Guitar Center has a new owner and an improved balance sheet after a complex recapitalization transaction was completed in late March. Ares Management, an investment firm with $70 billion in assets under management, has emerged with a controlling interest in the retailer after converting its ownership of Guitar Center debt into a 60% equity position. Former controlling shareholder Bain Capital booked a sizable loss and had its ownership stake trimmed to 40%. Bain acquired Guitar Center in 2007 for $2.1 billion, borrowing $1.6 million to finance the transaction. The recent recapitalization values the parent of Guitar Center, Music & Arts and Musician's Friend at a little over $1 billion.
Guitar Center CEO Mike Pratt commented, "We now have the necessary resources to expand our footprint and to invest in our people, stores, and product assortment. Guitar Center is well positioned to expand our multi-channel offering nationally and to significantly accelerate growth through new services and a strong focus on improving our customer experience."

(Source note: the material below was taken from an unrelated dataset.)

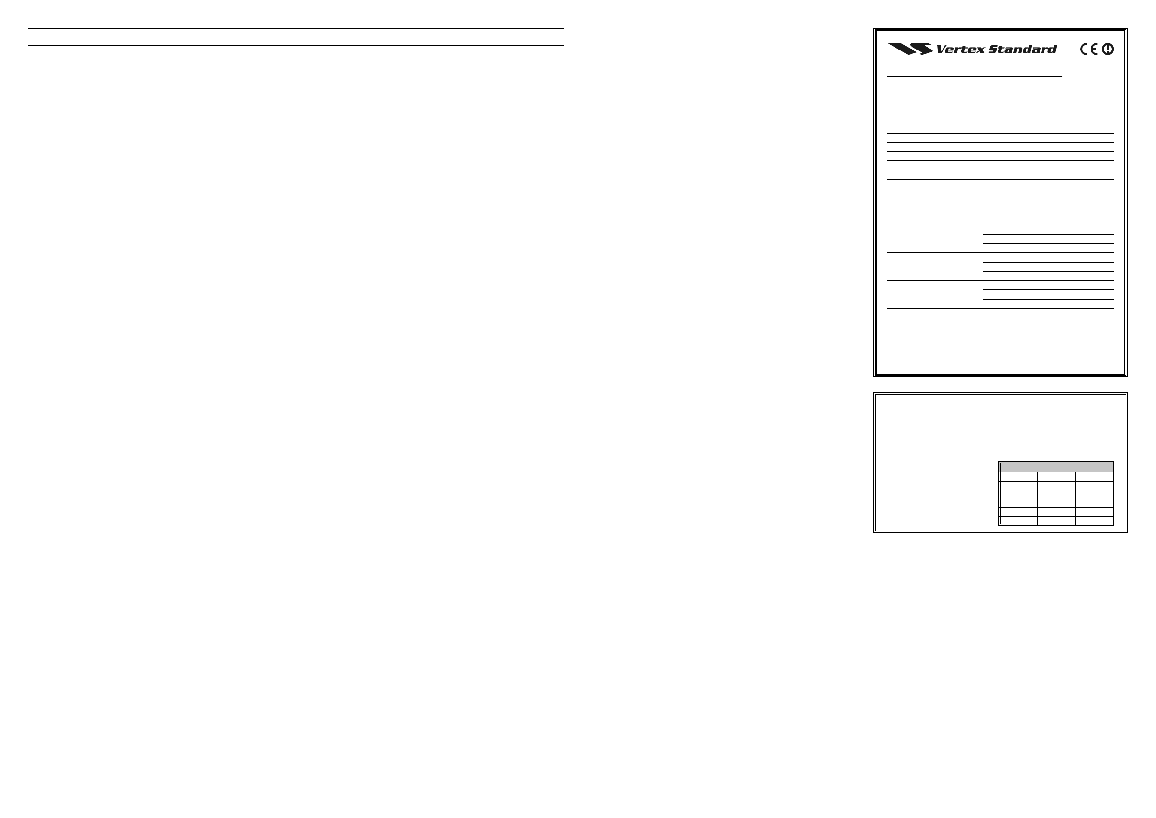 details, contact your VERTEX STANDARD dealer.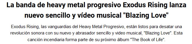 Exodus Rising presenta en nuestro medio su canción “Blazinglove”, que integrará su próximo disco The Book Of Life. Para la oportunidad, la banda norteamericana acompaña el tema con un video. Música y lectura a continuación.

The first step in the recapitalization process saw Guitar Center issue $615 million in five-year bonds with a 6.75% coupon and $325 million in ten-year bonds with a 9.875% coupon. The $940 million in proceeds was used to retire existing debt owned by Ares that carried interest rates between 11% and 12%. Ares forgave an additional $435 million in bonds with a 14% coupon in exchange for 60% ownership of the firm.
The combination of lower coupon bonds and debt forgiveness effectively reduced Guitar Center's debt burden by 35% and cut interest annual payments by $70 million, from 1.2 times cash flow to 0.8 times cash flow. Moody's Investment Service looked favorably on the transaction, upgrading Guitar Center's debt to B3 from Caa2 and downgrading the probability of default.